Winnipeg Free Press - PRINT EDITION
Anti-Semitism Egypt's opiate
A travel tip for the international executive class: If you find yourself doing business in Egypt and you feel the urge to insult your interlocutor, 1) try not to insult your interlocutor; and 2) if you must, cast aspersions on the chastity of the person's mother or sister. This insult will be taken hard, but it may eventually be forgiven.
Whatever you do, don't accuse the person of being Jewish. That may cause an irrevocable breach and could even provoke violence.

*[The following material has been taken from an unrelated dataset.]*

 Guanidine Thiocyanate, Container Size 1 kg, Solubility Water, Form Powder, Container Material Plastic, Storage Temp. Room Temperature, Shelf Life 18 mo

Anti-Semitism, the socialism of fools, is becoming the opiate of the Egyptian masses. And not just the masses. Egypt has never been notably philo-Semitic (just ask Moses), but today it's entirely acceptable among the educated and creative classes there to demonize Jews and voice the most despicable anti-Semitic conspiracy theories. Careerists know that even fleeting associations with Jews and Israelis could spell professional trouble.

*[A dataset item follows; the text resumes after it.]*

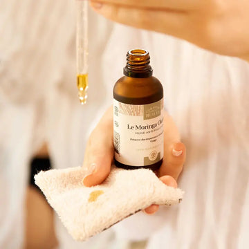 - L’huile de Moringa Oleifera : Naturellement nettoyante et détoxifiante, elle élimine les impuretés, la pollution et les cellules mortes de la peau. Elle aide également à purifier en douceur tout en redonnant éclat et vitalité à votre teint. Grâce à ses propriétés antioxydantes, elle protège votre peau contre le vieillissement et les agressions environnementales.
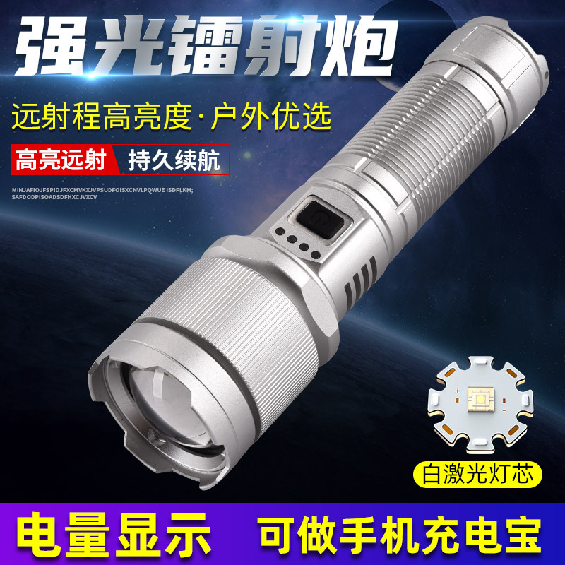 Tiktok senter LED laser putih, lintas batas cahaya kuat multi-fungsi TYPE-C mode cahaya ganda pengisian daya

The level of anti-Semitism in Egypt has consequences, of course, for Middle East peace and for the safety of Jews. But, importantly, it has consequences for the welfare of Egypt itself. The revolution that overthrew the country's dictator, Hosni Mubarak, held great promise, but it also exposed the enormous challenges facing Egyptian politics and culture. And anti-Semitism, if nothing else, has always been a sign of a deeply damaged culture.
As Walter Russell Mead has written on his blog, countries "where vicious anti-Semitism is rife are almost always backward and poor." They aren't backward and poor because the Elders of Zion conspire against them. They're backward and poor because, Mead argues, they lack the ability to "see the world clearly and discern cause-and-effect relations in complex social settings." He calls anti-Semitism the "sociology of the befuddled."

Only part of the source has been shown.